The report links these high figures to the opacity of Ghana’s major export sectors, like gold, cocoa, and oil, where pricing irregularities and power imbalances with multinational buyers facilitate under-invoicing.
Trade with developed nations, including the G7, accounted for $20.5 billion in losses over the decade—roughly 25% of Ghana’s trade with advanced economies, suggesting a substantial outflow of wealth from natural resources to the Global North.
The human impact is significant. Countries with high IFFs spend on average 25% less on health and 58% less on education than their peers.
For Ghana, even partially reclaiming the $54.1 billion could fund schools, clinics, and critical infrastructure currently under-resourced.
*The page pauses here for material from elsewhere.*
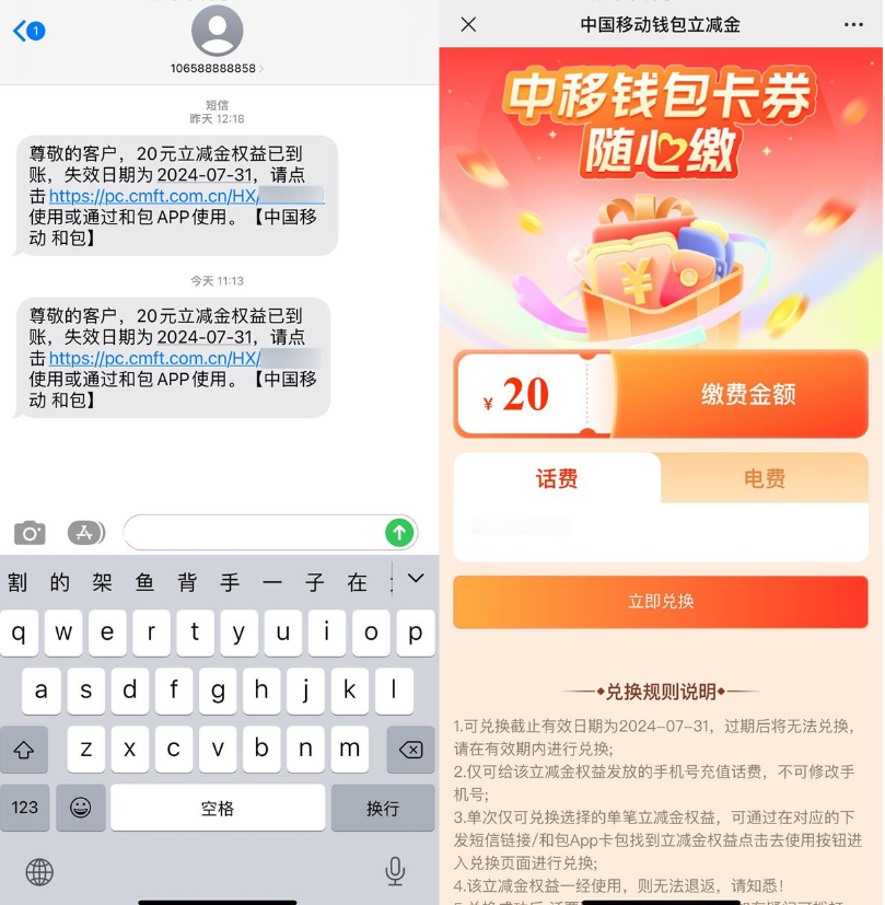 移动用户注册过和包的,看看自己有没有图1的短信,有的话进入直接领20亓话费

To address the massive outflows, the report recommends that Ghana modernise its customs systems by implementing advanced data analytics and risk-based inspections to flag suspicious transactions in real time.
It also calls for the establishment of comprehensive beneficial ownership registries to reveal the true owners of companies and trusts, making it harder for shell entities to hide illicit gains.
GFI encourages the use of blockchain technology or similar tools to enable the automatic exchange of trade valuation data, closing information gaps between trading partners.
Strengthening regional cooperation is also highlighted, with the African Continental Free Trade Area (AfCFTA) seen as a key mechanism to harmonise trade invoice verification across borders and detect discrepancies.
Finally, the report stresses the need for robust legal enforcement, urging governments to criminalise trade misinvoicing, impose meaningful penalties, and protect whistleblowers who expose tax evasion.
GFI warns that without decisive action, Ghana’s economic sovereignty and inclusive growth goals remain at risk.
Effective reforms could transform the country from a net exporter of illicit outflows into one that harnesses its wealth for domestic development.